Argo Blockchain: New BTC miners will have difficulty finding success

As Bitcoin miners head into the new year, uncertainty exist as miners are unsure of the impact the halving will have on their overall earnings as the block reward subsidy gets cut in half. The uncertainty hasn’t halted the growth of crypto mining as throughout the fourth quarter of 2019, BTC continued to set new records for its network hash rate, a sign that BTC’s weak price performance didn’t dissuade miners. During this period, ASIC miner manufactures continued releasing more updates on their most popular mining rigs. 

We spoke with Peter Wall, vice president of operations at Argo Blockchain Plc (LON: ARB), to get his thoughts on what the industry can expect in 2020 and how Argo is positioning itself to remain successful. 

CoinGeek: With mining difficulty increasing, what is your strategy on managing your fleet of miners?

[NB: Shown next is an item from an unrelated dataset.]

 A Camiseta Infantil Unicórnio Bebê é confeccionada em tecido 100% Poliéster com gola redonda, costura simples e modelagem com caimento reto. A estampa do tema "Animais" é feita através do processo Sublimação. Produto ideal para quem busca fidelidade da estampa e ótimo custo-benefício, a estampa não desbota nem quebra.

How frequently are you phasing out older models in favor of next-gen mining rigs and out of the most recent entries into the market, which are you looking to purchase? 

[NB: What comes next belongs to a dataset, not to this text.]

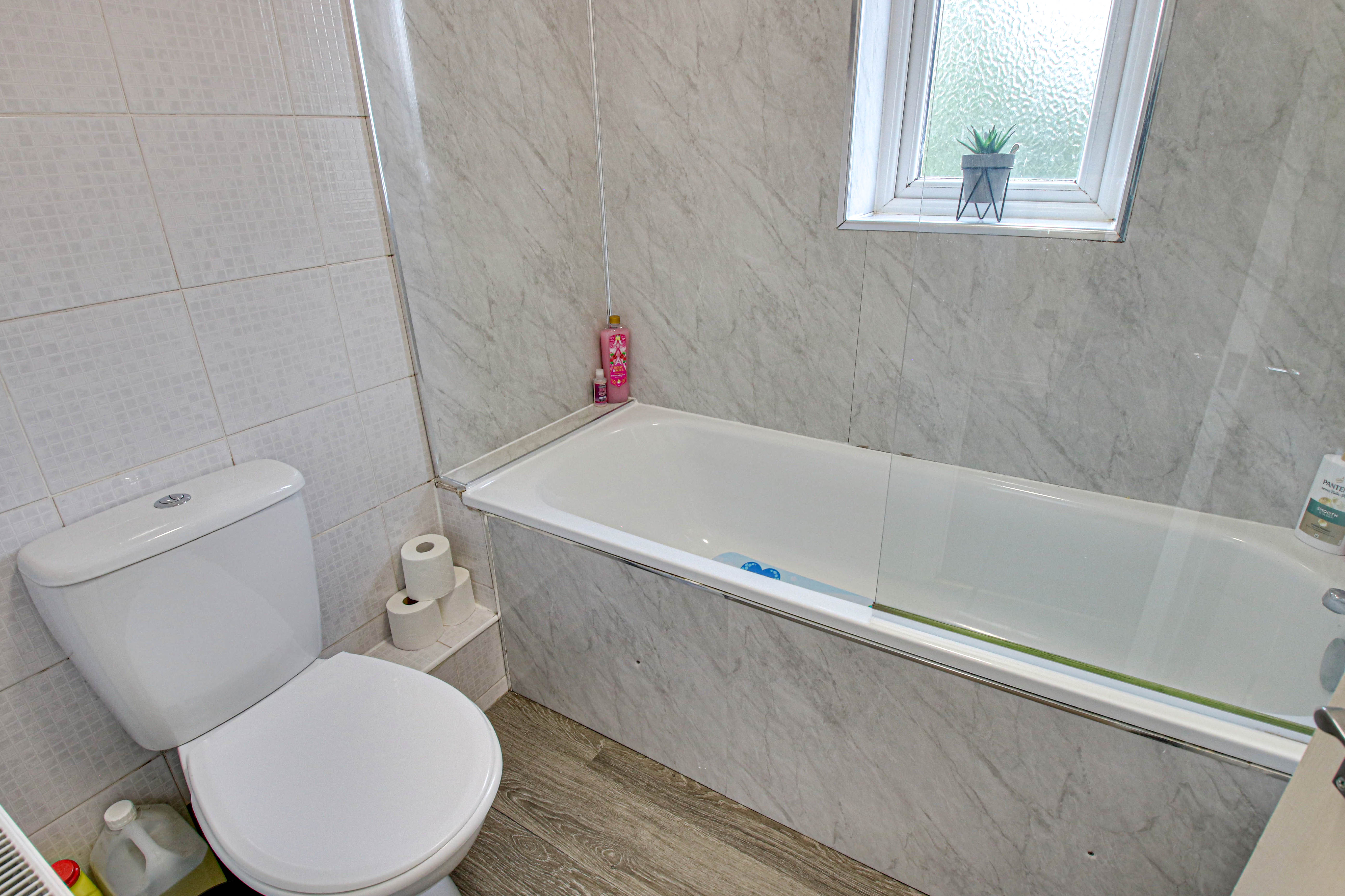 Rear facing upvc window, panel bath, over bath shower, WC, wash basin, marble effect splash back panels and radiator.

Peter Wall: New machines are mostly revisions to the latest generations. The Antminer 17 series of mining machines – which came out this year – do the vast majority of our mining work, and we expect them to be at the leading edge of efficiency for 3-5 years, just like previous generations of Antminers. That being said, we are constantly evaluating our current machines and newer models available. 

Additionally, the biggest impact on efficiency is the chip size. 100% of our SHA-256 mining is done on 7nm chips while most of the market is still using the older generation, 16nm chips. This means we do not have the same urgency to phase out older models when adding new hardware.

CoinGeek: Lately, several miners have begun setting up new operations in Texas, Russia, and Central Asia. Do you have plans to expand into those areas? How is the business going in the regions that you are currently in?

Peter Wall: Business operations in Canada are going very well. We have no plans to move into other regions at this time, as our current facilities are operating extremely well.

CoinGeek: Since mid-August, BSV often has surpassed BTC in mining profitability. How do you see the trend playing out in 2020? What is your strategy on mining BTC vs. BSV vs. BCH?

Peter Wall: There have been moments where BCH has been more profitable—but on a weekly basis, BTC has consistently outperformed both BCH and BSV. We also don’t trade our holdings in real-time, so we aren’t affected by hourly or daily fluctuations. We are very comfortable mining BTC and plan to continue doing so going forward. 

Data provided by blockchain explorer Bitinfocharts and research by crypto exchange Binance shows BSV mining profitability on par or outperforming BTC mining profitability over the last 120 days. 

Source: Bitinfocharts

CoinGeek: How has the increase in mining difficulty and onboarding of new miners in 2019 impacted your business? Do you feel the growing wave of smaller mining operations coming online will continue or they will struggle then get swallowed up by more prominent firms such as yours?

Peter Wall: As BTC hash rate is so high, small miners have almost no impact on difficulty and total hashrate, so aren’t a concern for us. It’s like throwing a pebble into an ocean—almost no effect. As the majority of our machines are the latest generation of miners, the increase in mining difficulty hasn’t affected us nearly as much as other miners who are using older generations of machines in regards to mining efficiency.

It will be exciting to come back to this matter in about six months and have a look to see how the industry has evolved after the halving. While we at CoinGeek disagree with Peter’s direction on mining profitability, we agree with his views that new miners will have difficulty finding success in mining BTC. We thank Peter very much for the interview!